The Organization of the Petroleum Exporting Countries (OPEC) is a permanent, intergovernmental organization, created at the Baghdad Conference in 1960, by Iran, Iraq, Kuwait, Saudi Arabia, and Venezuela. It aims to manage the supply of oil to set the price of oil in the world market, to avoid fluctuations that might affect the economies of both producing and purchasing countries. It is headquartered in Vienna, Austria.

As of 2019, OPEC has a total of 14 members including Iran, Iraq, Kuwait, United Arab Emirates (UAE), Saudi Arabia, Algeria, Libya, Nigeria, Gabon, Equatorial Guinea, Republic of Congo, Angola, Ecuador and Venezuela are members of OPEC. 

Without OPEC, oil prices would be exploited by countries pumping to the maximum to take advantage of any opportunity to grow their market share.
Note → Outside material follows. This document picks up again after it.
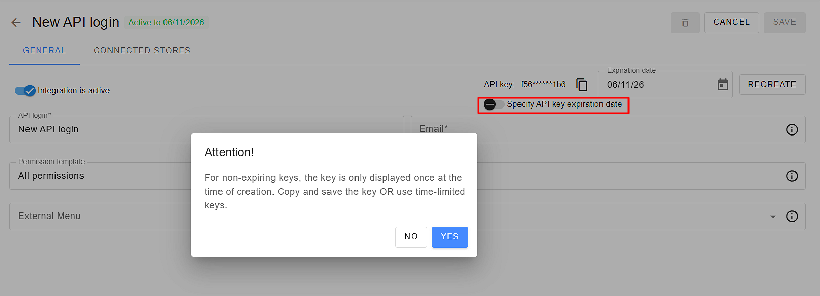 Możesz utworzyć klucz API bez daty wygaśnięcia, ale można go zobaczyć tylko w momencie generowania. Oznacza to, że musisz go skopiować i gdzieś zapisać do dalszego użytku, ponieważ po utworzeniu nie będzie można go ponownie wyświetlić. Takie klucze są przeznaczone dla wcześniej utworzonych integracji.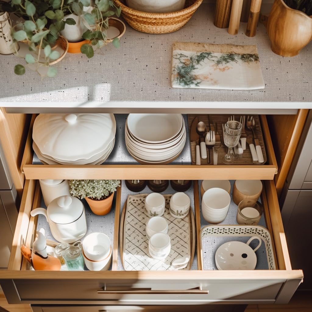- SHELF LINER: Unique drawer liner design makes you stand out from the crowd of drawer liners. Made from premium thickened material, these non-adhesive shelf anddrawer liners are durable, tear-resistant, and reusable.

OPEC helps to put the security of the global oil supply into place. 

The crude markets fluctuate as the resurgent pandemic threatened demand in China and the United States but prices have recovered since then. The OPEC and its allies are due to meet next week as they will discuss the plan for the revival of oil production. According to a Bloomberg survey of traders and analysts, the coalition led by Saudi Arabia and Russia is gradually restoring the vast amount of crude production halted during the pandemic. 
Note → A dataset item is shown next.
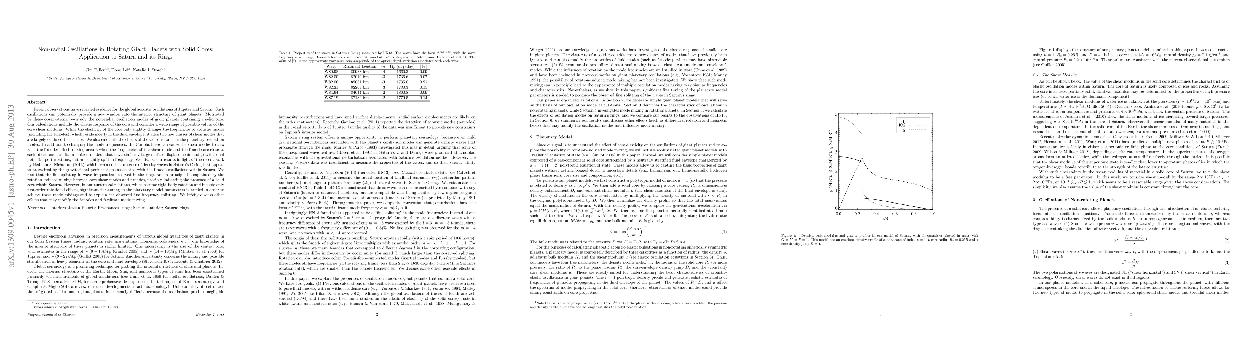 Recent observations have revealed evidence for the global oscillations of Jupiter and Saturn, which can potentially provide a new window into the interior structure of giant planets. Motivated by these observations, we study the non-radial oscillation modes of giant planets containing a solid core. Our calculations include the elastic response of the core and consider a wide range of possible values of the core shear modulus. While the elasticity of the core only slightly changes the frequencies of acoustic modes, which reside mostly in the fluid envelope, it adds two new classes of shear modes that are largely confined to the core. We also calculate the effects of the Coriolis force on the planetary oscillation modes. In addition to changing the mode frequencies, the Coriolis force can cause the shear modes to mix with the f-modes. Such mixing occurs when the frequencies of the shear mode and the f-mode are close to each other, and results in "mixed modes" with similar properties that are slightly split in frequency. We discuss our results in light of the recent work by Hedman & Nicholson (2013), which revealed the presence of density waves in Saturn's C-ring that appear to be excited by the gravitational perturbations associated with the f-mode oscillations within Saturn. We find that the fine splitting in wave frequencies observed in the rings can in principle be explained by the rotation-induced mixing between core shear modes and f-modes, possibly indicating the presence of a solid core within Saturn. However, in our current calculations, which assume rigid-body rotation and include only first-order rotational effects, significant fine-tuning in the planetary model parameters is needed in order to achieve these mode mixings and to explain the observed fine frequency splitting. We briefly discuss other effects that may modify the f-modes and facilitate mode mixing.

The OPEC+ have kept prices high enough to make sure that the revival of the global petroleum industry happens and have largely avoided the spike that could threaten the working of the world’s economy. As China re-imposed lockdowns, in the first week of August, international crude prices sank about $11 a barrel to roughly 15%. During the meeting, the countries will reconsider the increase in oil output. The previously increase amount has been 400,000 barrels per day (BPD). 

United States President Joe Biden’s administration has urged the producer group to boost the output to tackle rising gasoline prices it sees as a threat to the global economic recovery. According to the American Automobile Association, United States gasoline prices are running at about $3.18 a gallon at the pumps, up more than a dollar from this time last year.